Those debates continue - to Scrivener or not to Scrivener is quite the topic with long-form writers. And Final Draft is heavily discussed.

But the reason the debate is dying out is because the competition is dying out: Word won. And that doesn’t mean the app, it means all the Simonyi-type ways of thinking it brings with it: paragraph-level formatting with overrides, single frame with embeds, no visible codes beyond P-marks, output-dependent page definition, local fonts, etc.

It’s like if all editors were just vi variants and nobody was trying anything else any longer.

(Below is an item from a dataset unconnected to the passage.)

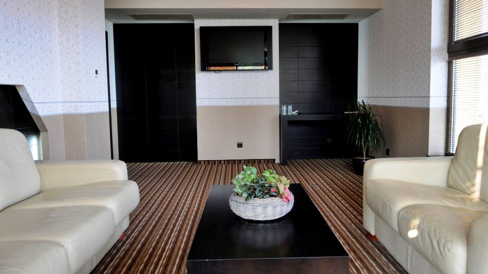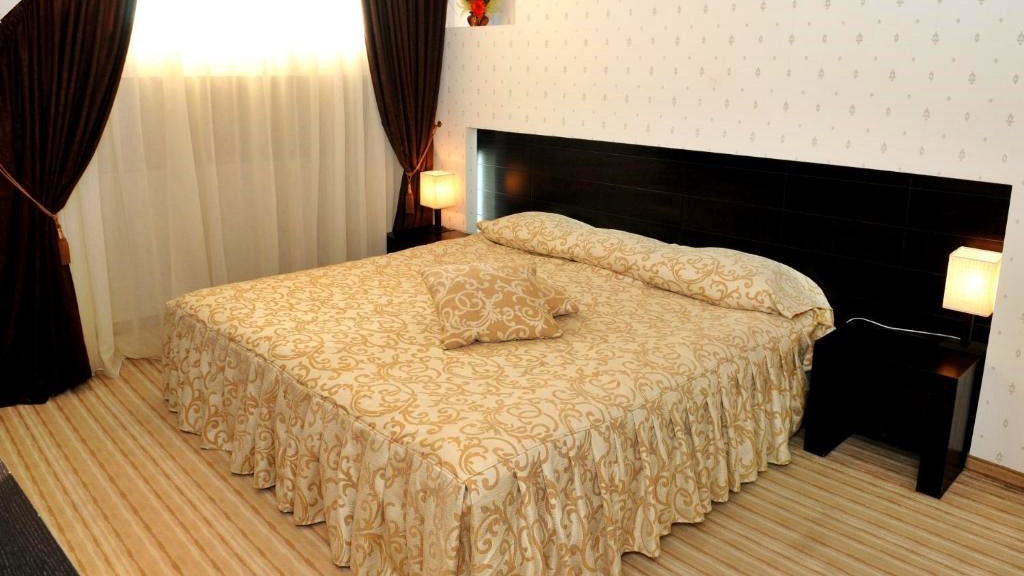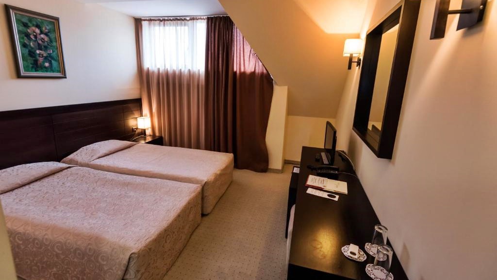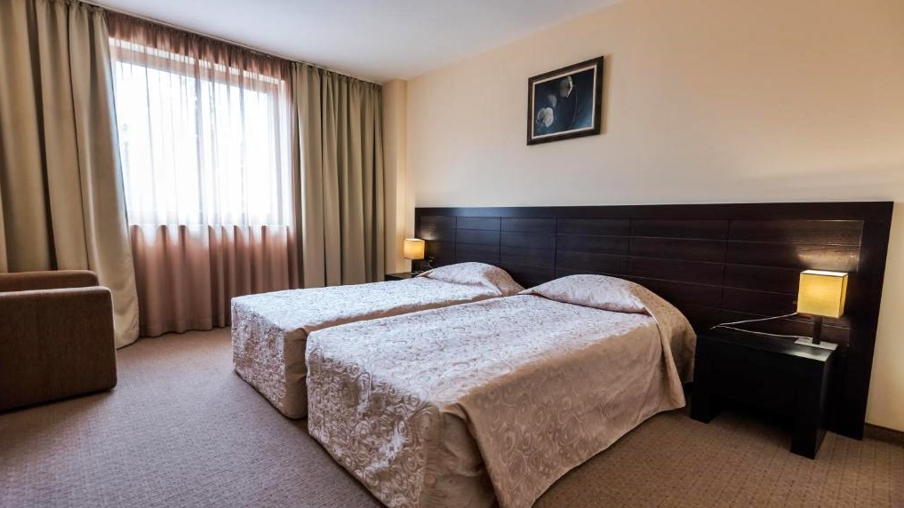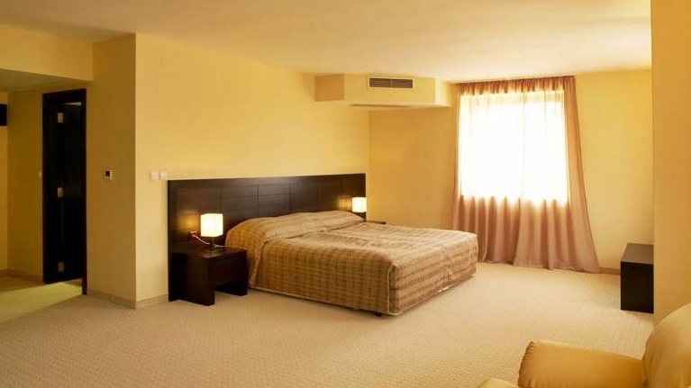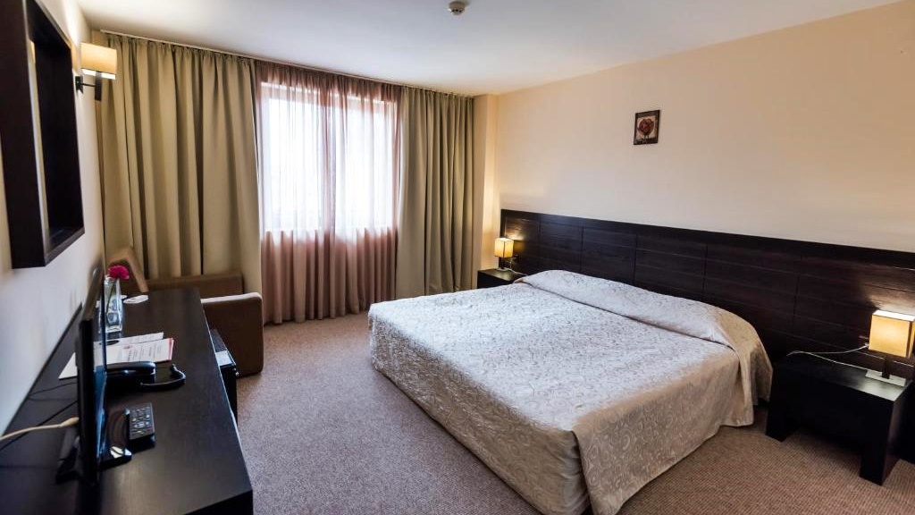 • Двойна стая Лукс - Луксозните стаи са с площ около 35 кв.м. и разполагат с LCD телевизор 51 см , телефон, легла: две единични легла (90 х 200 см.) с нощни шкафчета или спалня (200 х 200 см.) с нощни шкафчета, разтегателен фотьойл, сейф, мини бар, фотьойл (който се разгъва при необходимост), гардероб за лични вещи, работна зона с писмени принадлежности, огледало, вана, душ, огледало, телефон, panic-button, халат, комплект кърпи, чехли, богат избор на козметика за баня

Which is a damn shame, because there are an awful lot of alternative approaches to rich document creation that could be explored, especially now the printed page is probably the least important part of things, but developers don’t care (plain text obsessives, usually) and the industry doesn’t (because competing with Word and GDocs doesn’t make you rich).

Instead what action there would be in the space has moved to things like Notion. Which is great for note-takers, less so for writers.

zmix3 years ago

> Those debates continue - to Scrivener or not to Scrivener is quite the topic with long-form writers. And Final Draft is heavily discussed.

Where could I find such discussions? Do you remember any links?

kayodelycaon3 years ago

I’m in a couple of chats with writers. There are constant discussions about tools: Google Docs, Word, Apple Pages, Scrivener, and even vim with markdown and git.

We all have different tools and different ways of writing. We’ve shared photos of our workspaces.

A lot of this doesn’t happen in public anymore because we’ve moved to chat programs like Telegram and Discord.

tablespoon3 years ago

> WordPerfect. (Heck, WordPerfect even made lawyers have an opinion of their own)

IIRC, WordPerfect is only still a thing because Word still does not do footnotes the way lawyers like (and courts require).

paultopia3 years ago

It's much more than footnotes. Courts have a lot of very picky formatting requirements, plus lawyers care a lot about presentation. Reveal codes is the thing about WordPerfect that lawyers love the most, because it gives you fine grained control over that stuff on a character/word level without having to pray to the Word Styles god.

goatinaboat3 years ago

Courts have a lot of very picky formatting requirements, plus lawyers care a lot about presentation

Someone said once, a legal contract is a program that you run on a judge. So the formatting is as important as it is in a whitespace-sensitive language like Python.

agumonkey3 years ago

Oh, french court room I helped last summer does indeed use WordPerfect 12 .. it might very well be due to this sort of arguments.

wiz21c3 years ago

or the lack of public funding to modernize justice...

agumonkey3 years ago

Plausible but I'm sure MS would have managed to extract a deal even then

award_3 years ago

I work in legal software for courts and attorneys and can confirm WordPerfect is very much used by filing attorneys. Within the courts though, everything is typically PDF once filed.

lostgame3 years ago

Also, at least here in Canada, it has a huge place in the education market, I believe in part due to a deal with the school systems.

dang3 years ago

If curious, past threads:

WordStar: A Writer’s Word Processor - https://news.ycombinator.com/item?id=20898950 - Sept 2019 (1 comment)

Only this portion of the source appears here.